Provided material:
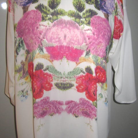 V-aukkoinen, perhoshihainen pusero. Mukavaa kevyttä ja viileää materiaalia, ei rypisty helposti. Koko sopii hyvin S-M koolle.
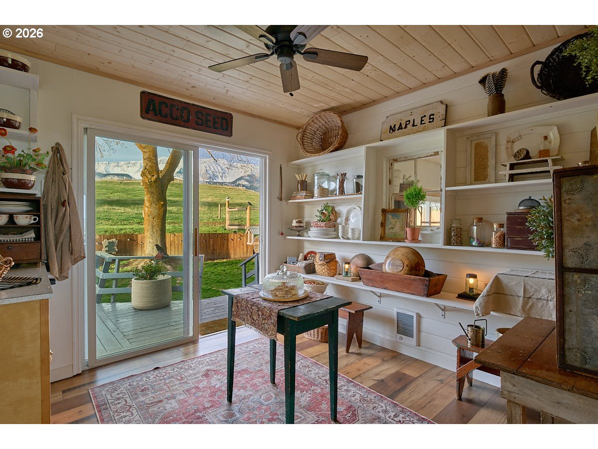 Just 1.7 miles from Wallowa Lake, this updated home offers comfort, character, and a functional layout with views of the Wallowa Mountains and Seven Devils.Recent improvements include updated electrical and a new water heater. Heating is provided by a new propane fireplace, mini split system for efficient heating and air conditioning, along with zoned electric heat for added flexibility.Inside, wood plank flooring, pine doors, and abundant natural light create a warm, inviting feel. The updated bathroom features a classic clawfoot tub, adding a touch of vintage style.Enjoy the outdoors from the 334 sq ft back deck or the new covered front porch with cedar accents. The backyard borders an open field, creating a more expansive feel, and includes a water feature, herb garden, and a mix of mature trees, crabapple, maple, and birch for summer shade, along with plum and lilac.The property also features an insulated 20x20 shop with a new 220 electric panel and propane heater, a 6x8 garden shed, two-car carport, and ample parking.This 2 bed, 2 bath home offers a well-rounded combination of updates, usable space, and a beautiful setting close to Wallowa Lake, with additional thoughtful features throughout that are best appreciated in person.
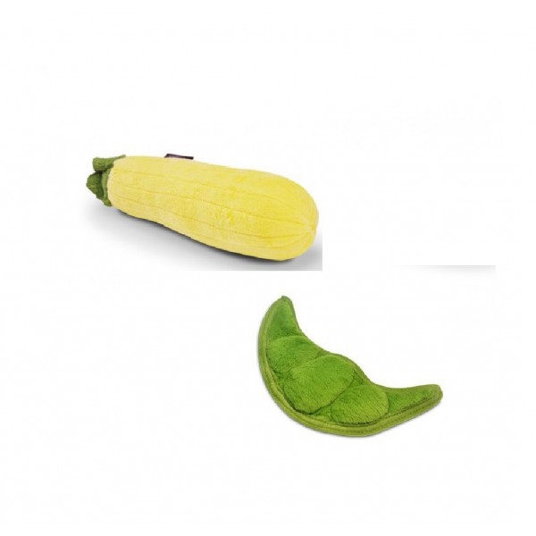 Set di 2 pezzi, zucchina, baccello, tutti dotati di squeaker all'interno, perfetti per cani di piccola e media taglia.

Work instruction:
Give the listing again word for word. Skip any pictures.

Solution to this task:
 V-aukkoinen, perhoshihainen pusero. Mukavaa kevyttä ja viileää materiaalia, ei rypisty helposti. Koko sopii hyvin S-M koolle.
 Just 1.7 miles from Wallowa Lake, this updated home offers comfort, character, and a functional layout with views of the Wallowa Mountains and Seven Devils.Recent improvements include updated electrical and a new water heater. Heating is provided by a new propane fireplace, mini split system for efficient heating and air conditioning, along with zoned electric heat for added flexibility.Inside, wood plank flooring, pine doors, and abundant natural light create a warm, inviting feel. The updated bathroom features a classic clawfoot tub, adding a touch of vintage style.Enjoy the outdoors from the 334 sq ft back deck or the new covered front porch with cedar accents. The backyard borders an open field, creating a more expansive feel, and includes a water feature, herb garden, and a mix of mature trees, crabapple, maple, and birch for summer shade, along with plum and lilac.The property also features an insulated 20x20 shop with a new 220 electric panel and propane heater, a 6x8 garden shed, two-car carport, and ample parking.This 2 bed, 2 bath home offers a well-rounded combination of updates, usable space, and a beautiful setting close to Wallowa Lake, with additional thoughtful features throughout that are best appreciated in person.
 Set di 2 pezzi, zucchina, baccello, tutti dotati di squeaker all'interno, perfetti per cani di piccola e media taglia.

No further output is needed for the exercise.